(Records drawn from a dataset)

———

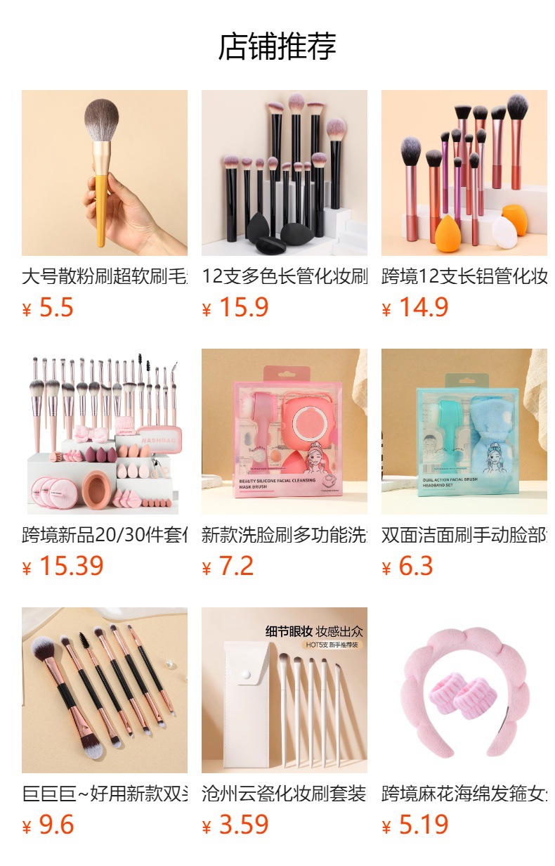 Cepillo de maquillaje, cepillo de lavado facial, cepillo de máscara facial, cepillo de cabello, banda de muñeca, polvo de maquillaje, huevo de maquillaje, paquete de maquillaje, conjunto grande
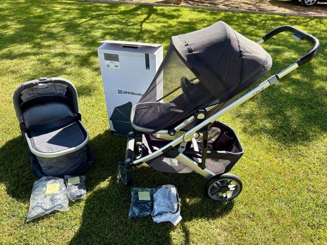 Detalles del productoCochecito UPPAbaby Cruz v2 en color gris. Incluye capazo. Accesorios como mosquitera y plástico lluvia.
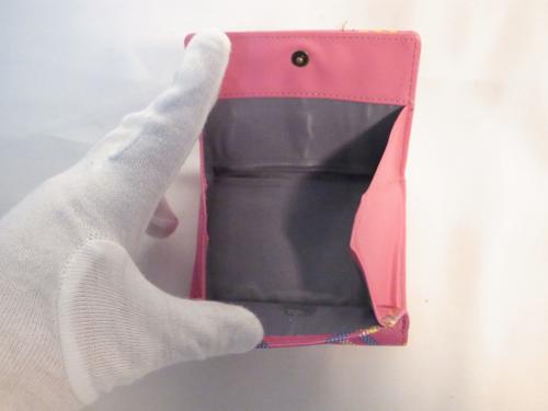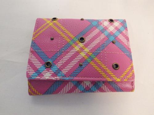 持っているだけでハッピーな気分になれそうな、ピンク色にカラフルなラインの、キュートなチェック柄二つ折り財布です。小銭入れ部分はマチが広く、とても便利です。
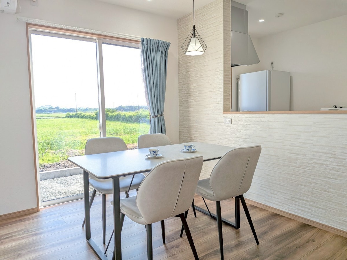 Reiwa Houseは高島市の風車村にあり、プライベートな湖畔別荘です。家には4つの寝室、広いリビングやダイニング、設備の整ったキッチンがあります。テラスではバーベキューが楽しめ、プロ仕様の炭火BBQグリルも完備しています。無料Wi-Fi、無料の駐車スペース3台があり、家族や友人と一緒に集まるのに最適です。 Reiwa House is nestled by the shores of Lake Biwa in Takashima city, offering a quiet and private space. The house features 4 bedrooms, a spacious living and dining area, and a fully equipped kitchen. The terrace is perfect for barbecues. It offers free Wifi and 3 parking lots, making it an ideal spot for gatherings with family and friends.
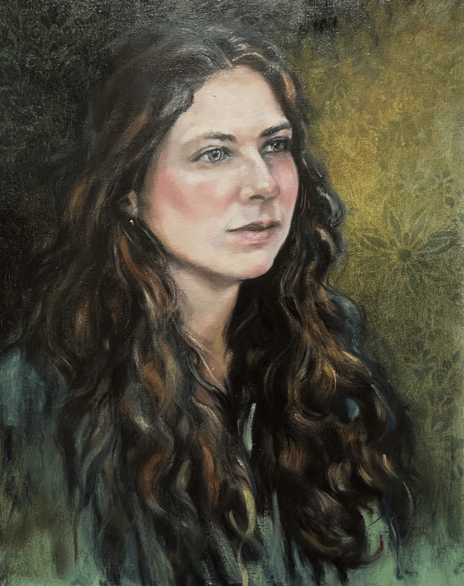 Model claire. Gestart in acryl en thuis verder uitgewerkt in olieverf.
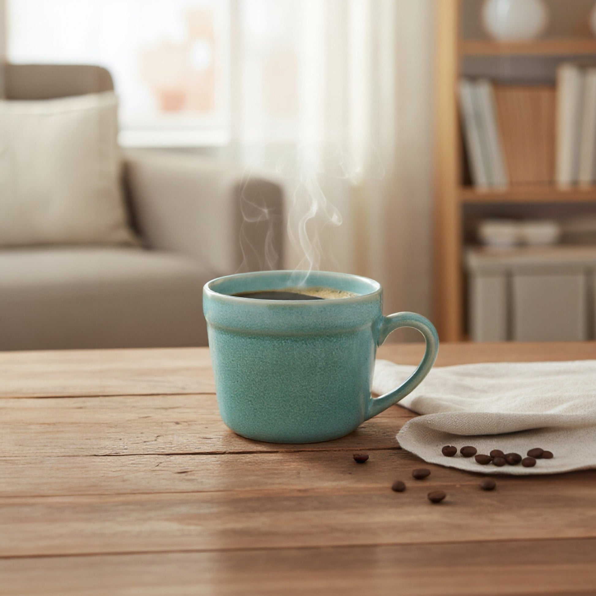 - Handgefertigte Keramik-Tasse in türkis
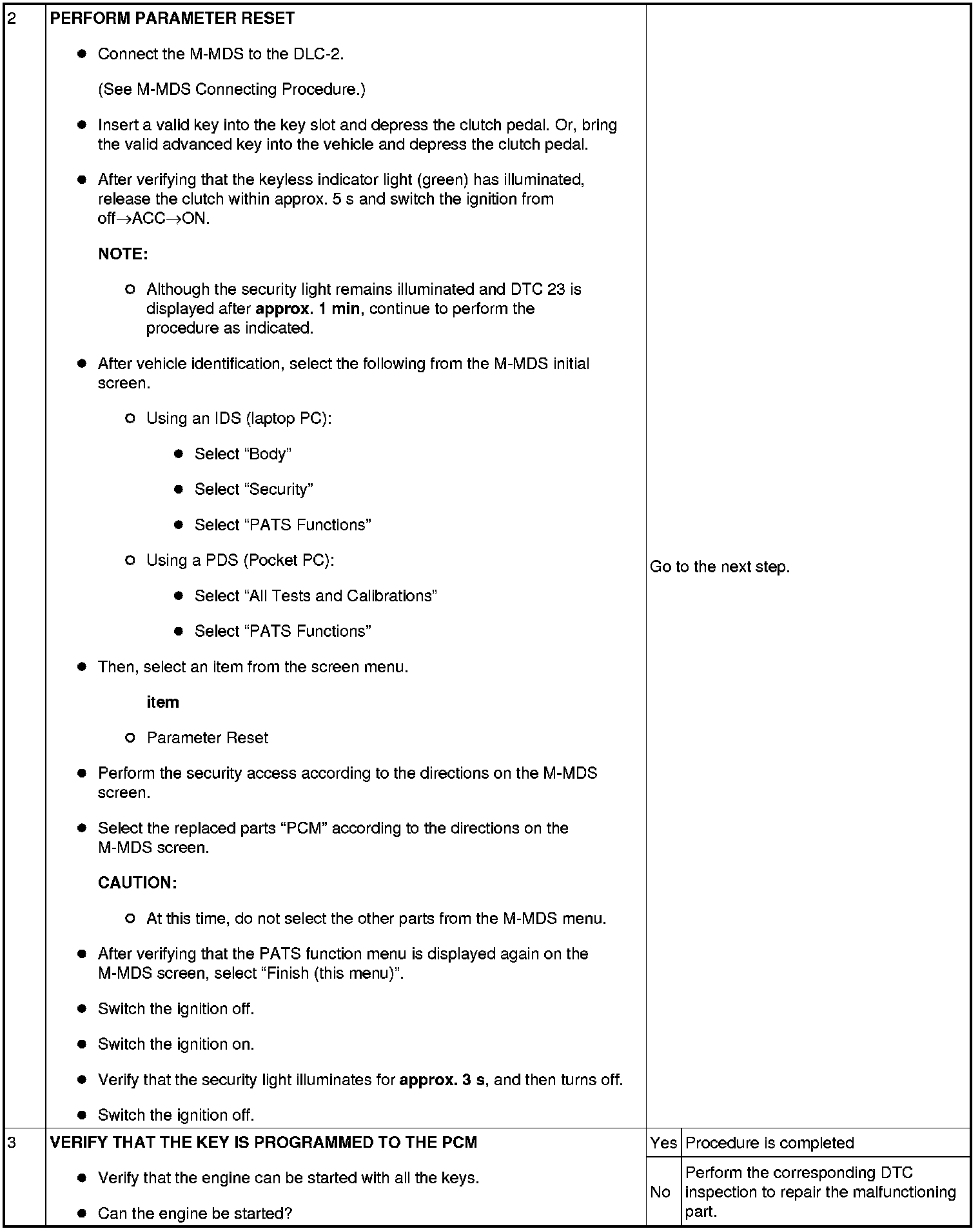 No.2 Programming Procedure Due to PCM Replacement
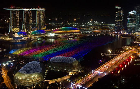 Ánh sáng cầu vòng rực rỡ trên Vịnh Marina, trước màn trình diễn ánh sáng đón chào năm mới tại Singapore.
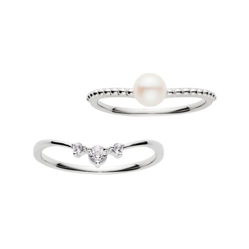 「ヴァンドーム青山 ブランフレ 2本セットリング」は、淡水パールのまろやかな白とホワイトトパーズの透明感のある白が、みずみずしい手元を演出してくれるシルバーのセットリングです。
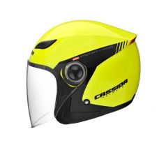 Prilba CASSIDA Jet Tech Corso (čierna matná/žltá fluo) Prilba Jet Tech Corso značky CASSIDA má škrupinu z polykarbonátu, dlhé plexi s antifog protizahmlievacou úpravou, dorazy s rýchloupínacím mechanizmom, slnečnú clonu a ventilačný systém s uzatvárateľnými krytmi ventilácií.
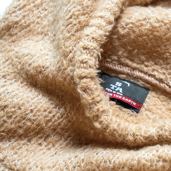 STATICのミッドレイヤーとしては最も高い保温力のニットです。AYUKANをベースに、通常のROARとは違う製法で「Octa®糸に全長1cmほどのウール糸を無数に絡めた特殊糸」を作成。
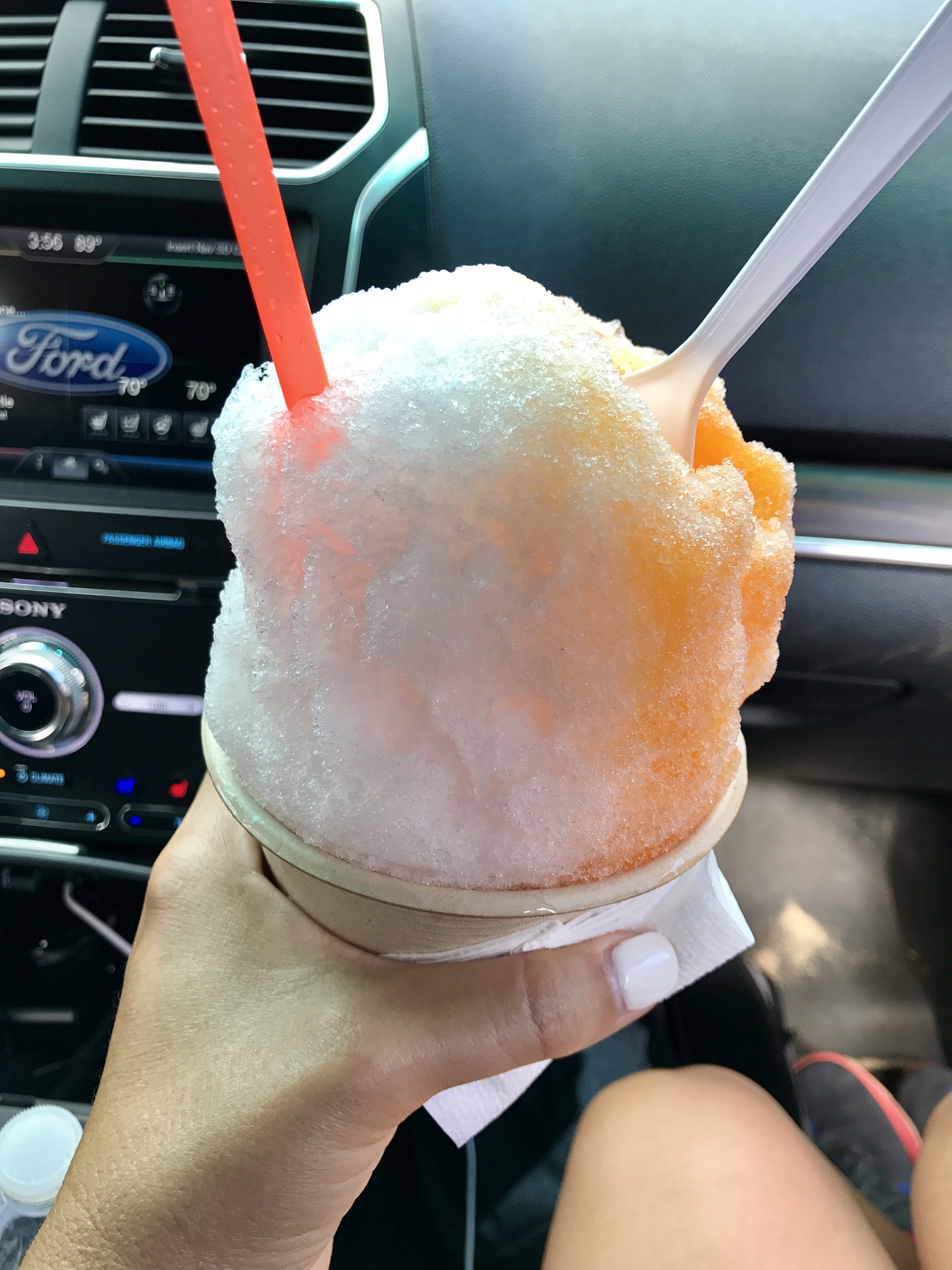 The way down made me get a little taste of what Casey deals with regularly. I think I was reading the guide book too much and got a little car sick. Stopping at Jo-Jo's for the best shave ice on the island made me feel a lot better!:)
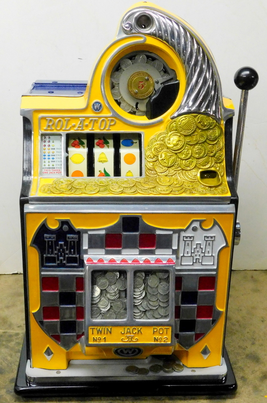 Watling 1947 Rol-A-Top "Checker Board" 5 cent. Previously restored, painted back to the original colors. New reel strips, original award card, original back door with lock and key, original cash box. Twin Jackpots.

———

▸ **What is expected**
Without any of its images, the data above should be returned exactly.

▸ **Answer section**
 Cepillo de maquillaje, cepillo de lavado facial, cepillo de máscara facial, cepillo de cabello, banda de muñeca, polvo de maquillaje, huevo de maquillaje, paquete de maquillaje, conjunto grande
 Detalles del productoCochecito UPPAbaby Cruz v2 en color gris. Incluye capazo. Accesorios como mosquitera y plástico lluvia.
 持っているだけでハッピーな気分になれそうな、ピンク色にカラフルなラインの、キュートなチェック柄二つ折り財布です。小銭入れ部分はマチが広く、とても便利です。
 Reiwa Houseは高島市の風車村にあり、プライベートな湖畔別荘です。家には4つの寝室、広いリビングやダイニング、設備の整ったキッチンがあります。テラスではバーベキューが楽しめ、プロ仕様の炭火BBQグリルも完備しています。無料Wi-Fi、無料の駐車スペース3台があり、家族や友人と一緒に集まるのに最適です。 Reiwa House is nestled by the shores of Lake Biwa in Takashima city, offering a quiet and private space. The house features 4 bedrooms, a spacious living and dining area, and a fully equipped kitchen. The terrace is perfect for barbecues. It offers free Wifi and 3 parking lots, making it an ideal spot for gatherings with family and friends.
 Model claire. Gestart in acryl en thuis verder uitgewerkt in olieverf.
 - Handgefertigte Keramik-Tasse in türkis
 No.2 Programming Procedure Due to PCM Replacement
 Ánh sáng cầu vòng rực rỡ trên Vịnh Marina, trước màn trình diễn ánh sáng đón chào năm mới tại Singapore.
 「ヴァンドーム青山 ブランフレ 2本セットリング」は、淡水パールのまろやかな白とホワイトトパーズの透明感のある白が、みずみずしい手元を演出してくれるシルバーのセットリングです。
 Prilba CASSIDA Jet Tech Corso (čierna matná/žltá fluo) Prilba Jet Tech Corso značky CASSIDA má škrupinu z polykarbonátu, dlhé plexi s antifog protizahmlievacou úpravou, dorazy s rýchloupínacím mechanizmom, slnečnú clonu a ventilačný systém s uzatvárateľnými krytmi ventilácií.
 STATICのミッドレイヤーとしては最も高い保温力のニットです。AYUKANをベースに、通常のROARとは違う製法で「Octa®糸に全長1cmほどのウール糸を無数に絡めた特殊糸」を作成。
 The way down made me get a little taste of what Casey deals with regularly. I think I was reading the guide book too much and got a little car sick. Stopping at Jo-Jo's for the best shave ice on the island made me feel a lot better!:)
 Watling 1947 Rol-A-Top "Checker Board" 5 cent. Previously restored, painted back to the original colors. New reel strips, original award card, original back door with lock and key, original cash box. Twin Jackpots.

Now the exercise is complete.